• _WHAT TO DO_
Look below for the line containing "王道のテレシェイプのフロント" and the line containing "MODE $02 (POWER TRAIN FREEZE FRAME DATA)", then set down both and every line between them exactly, without pictures.

··· SOURCE INFORMATION ···

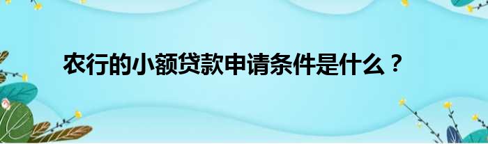关于农行的小额贷款申请条件是什么?的介绍到此结束,希望对大家有所帮助。
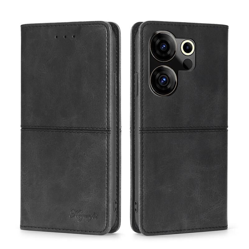Για Tecno Camon 20 Premier 5G Θήκη τηλεφώνου από δέρμα αγελάδας με υφή μαγνητικού δέρματος (Μαύρο)
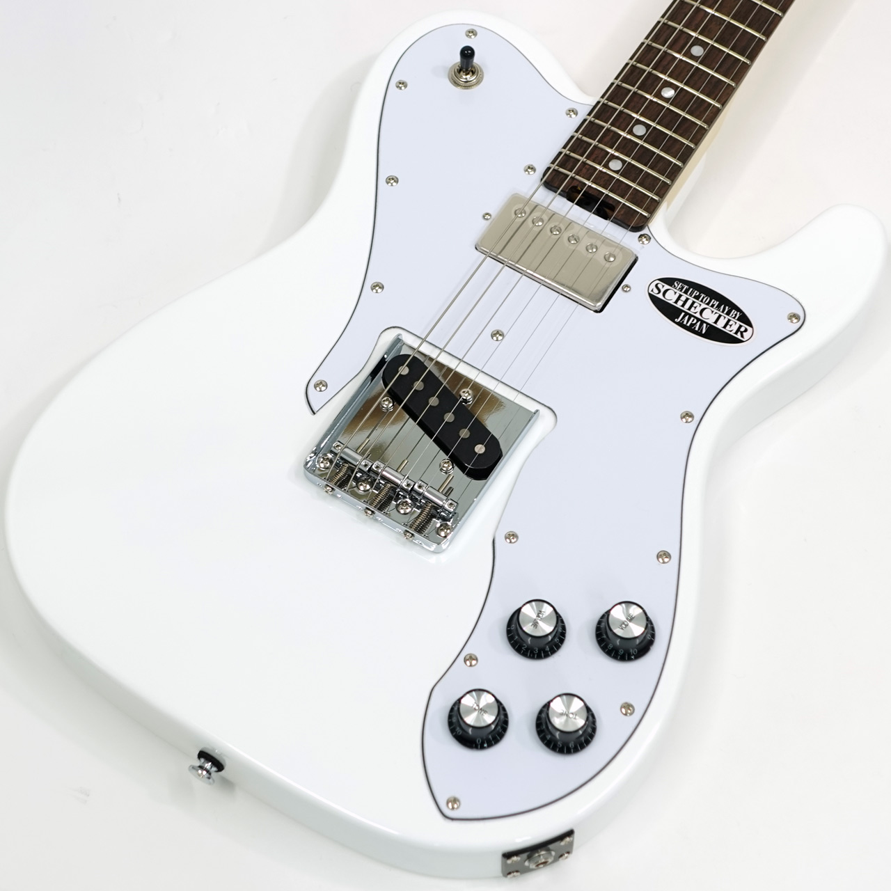 王道のテレシェイプのフロントハムバッカー搭載のカスタム仕様。バックコンターを採用したシェクターらしい弾きやすいモデルです。
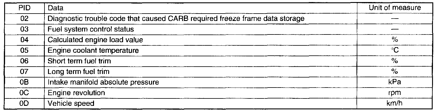 MODE $02 (POWER TRAIN FREEZE FRAME DATA)
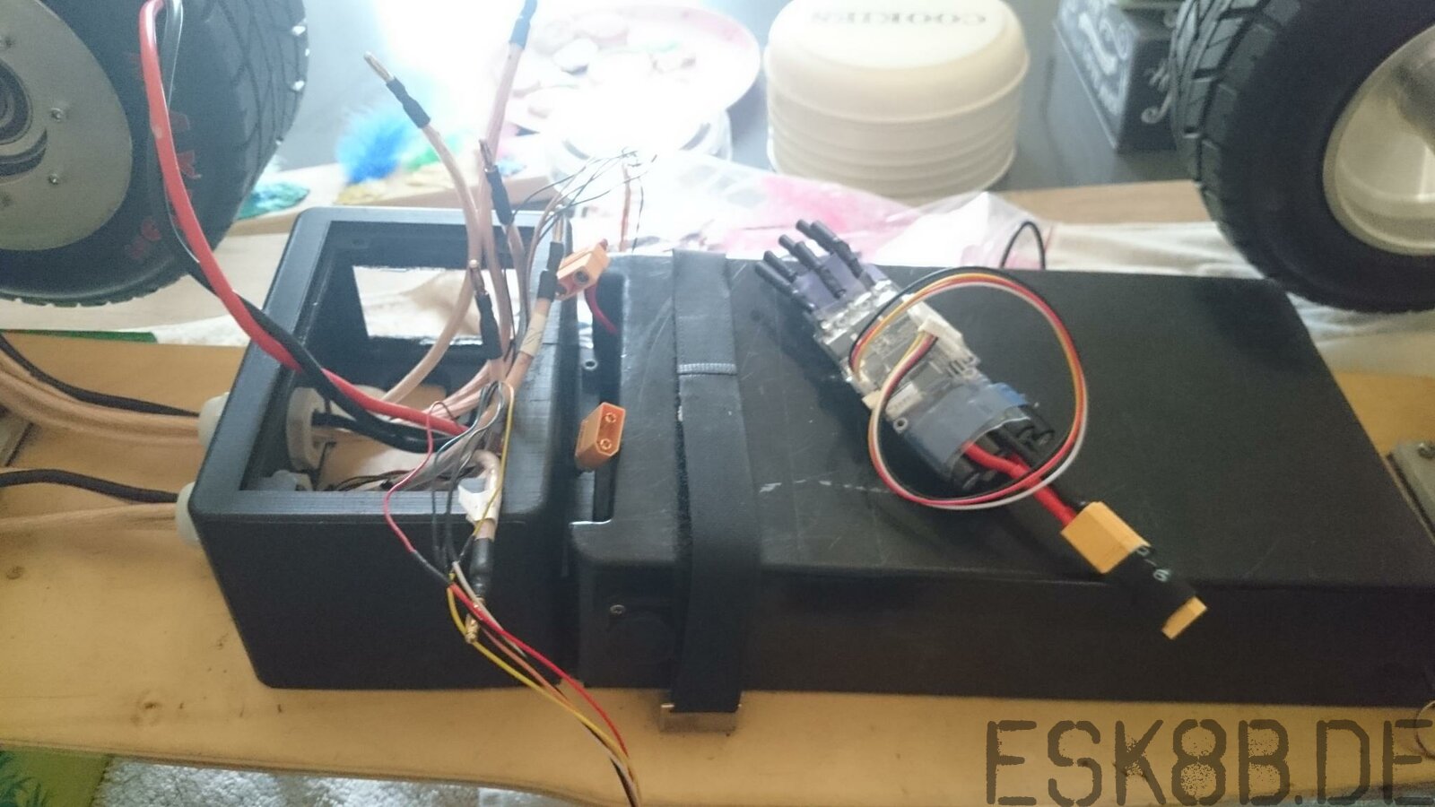 eXo Geschrieben 29. März 2016 Autor Geschrieben 29. März 2016 Moin EXO hier das Foo von dem Motor im Kartreifen Dr. B orginal Zustand Umbau Mit Kontroller Hallo Dr. Board, Das sieht ja schon mal sehr spannend aus. Darf ich dazu ein paar Fragen an dich richten? - Hast Du dein Mobo bereits fertig umgebaut bzw. mit Radnabenmotoren ausgestattet? - Was haben deine Motoren für Kennwerte? (Leistung?, Spannung?, max. Strom?, max. Speed? Drehmoment? ) - Hast du die originale Zuleitung der Motoren durch dickere Leiter ersetzt? - Wie viel Gewicht bringt einer deiner motorisierten Kartreifen auf die Waage? - Wie genau hast Du die Motoren an der Achse befestigt? - Wie ist das Beschleunigungsverhalten mit den VESC? (Linear zum Hebelweg?) - Fährst Du die Motoren mit Hallsensoren und FOC? - Hast Du eventuell einen Einblick in das passende Motorconfig für mich? Grüsse aus der schönen Schweiz eXo Zitieren

···

• _RESPONSE_
 王道のテレシェイプのフロントハムバッカー搭載のカスタム仕様。バックコンターを採用したシェクターらしい弾きやすいモデルです。
 MODE $02 (POWER TRAIN FREEZE FRAME DATA)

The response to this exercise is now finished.